Confirm With Side Button
Apple is extremely consistent with how it describes user interactions. A tap means to touch the screen. Firmly press means a 3D Touch gesture. A click is a depression of a physical button. This language is applied universally across Apple marketing and support documentation.
Nevertheless, this terminology is used so much interchangeably in common speech that the strict Apple definitions are easily forgotten. You need more than a change of wording to cause a pattern interrupt that forces the brain to break out of its primed touchscreen behaviour and think about doing something other than taps and swipes.
I saw plenty of people on Twitter confused by the ‘Double Click to Pay’ screen when iPhone X was new. The UI failed to express intent, despite the animated white indicator which slides in and out to imitate pressing in the side button at the exact point of the screen where the physical button is located.

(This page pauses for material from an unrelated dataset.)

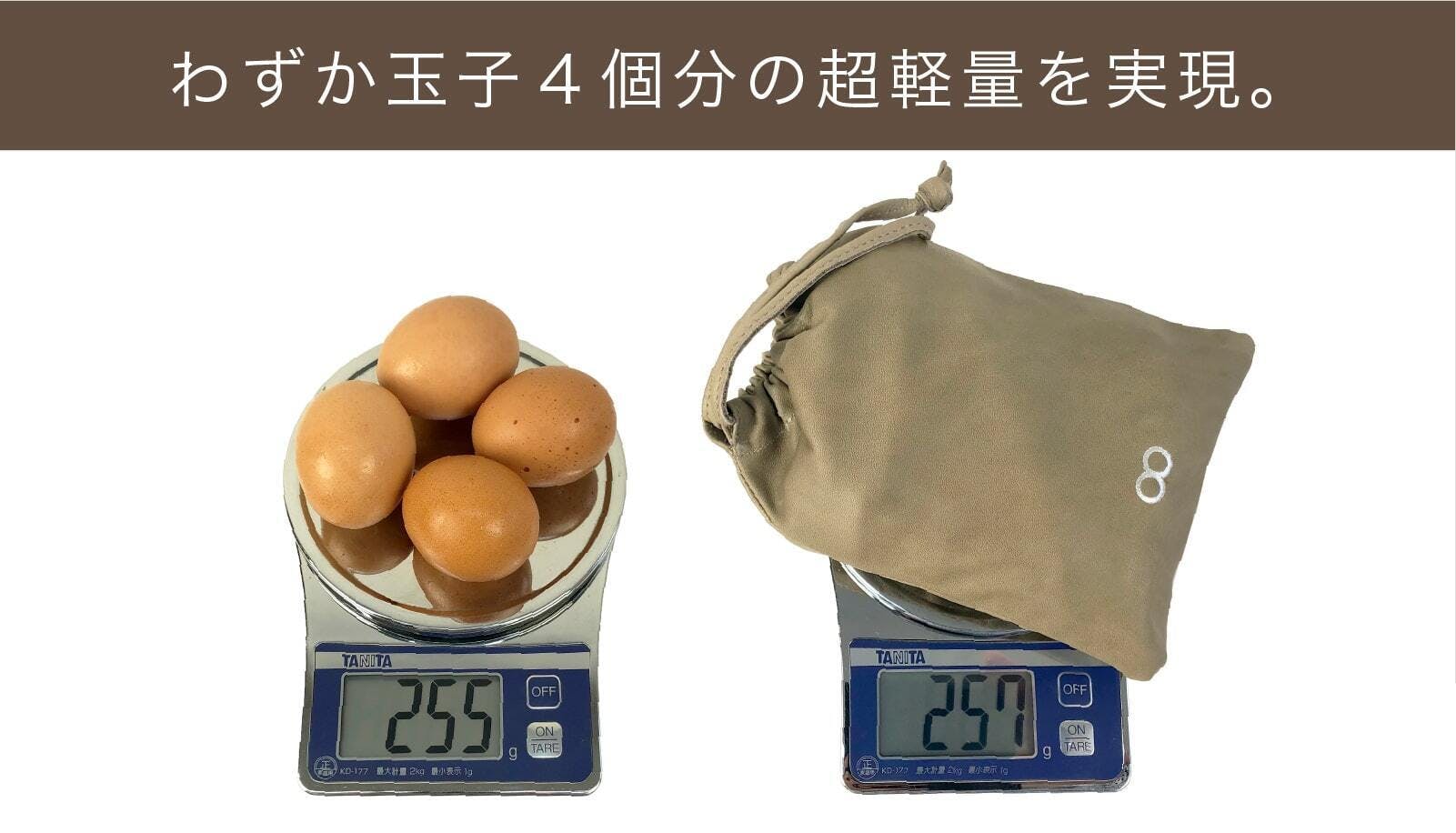 これにより、バッグ全体で257g、わずか玉子4個分という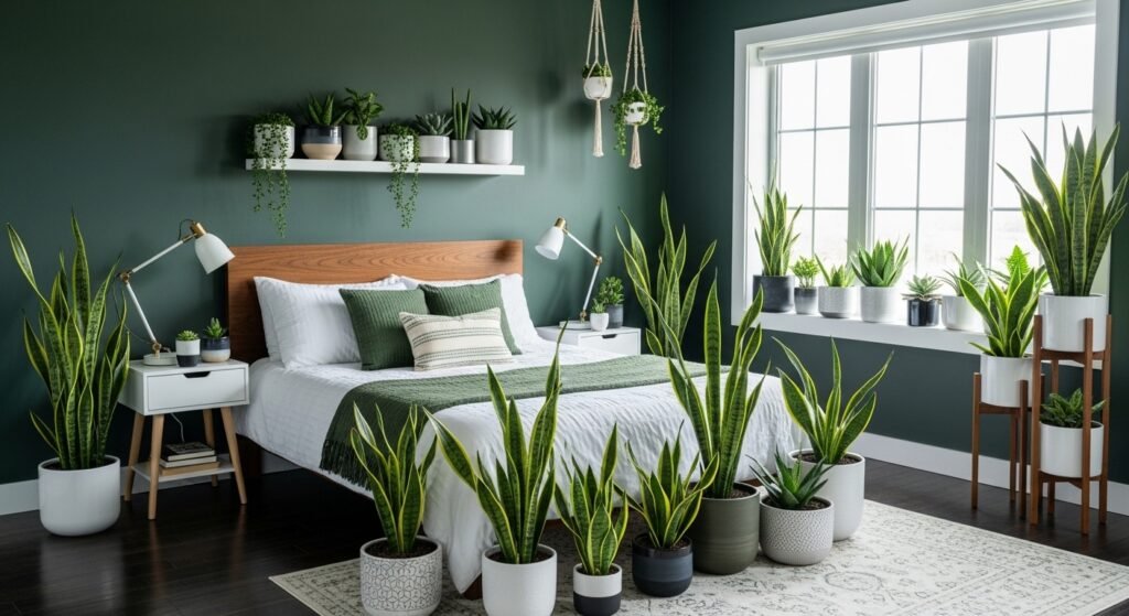 Plants can bring a touch of nature and lushness to a dark green bedroom. Choose low-maintenance plants like snake plants or succulents for a stylish, easy-to-care-for look.

This interface was actually first used on Apple Watch. When you go into the Wallet app directly, and select a bank card, the same text appears with the same animation sized to match the watch’s side button. Given the response to the very-similar iPhone experience, it probably confuses just as many people on watchOS too in percentage terms; the difference being that the number of times this UI is seen is far less as it’s more buried in a less-used operating system.
The change introduced in iOS 11.3 hopefully adds clarity to the interaction. It adds an icon of an iPhone X with an arrow pointing to the side button, alongside text that reads ‘Confirm with Side Button’. That should be enough to nudge people into doing the right thing.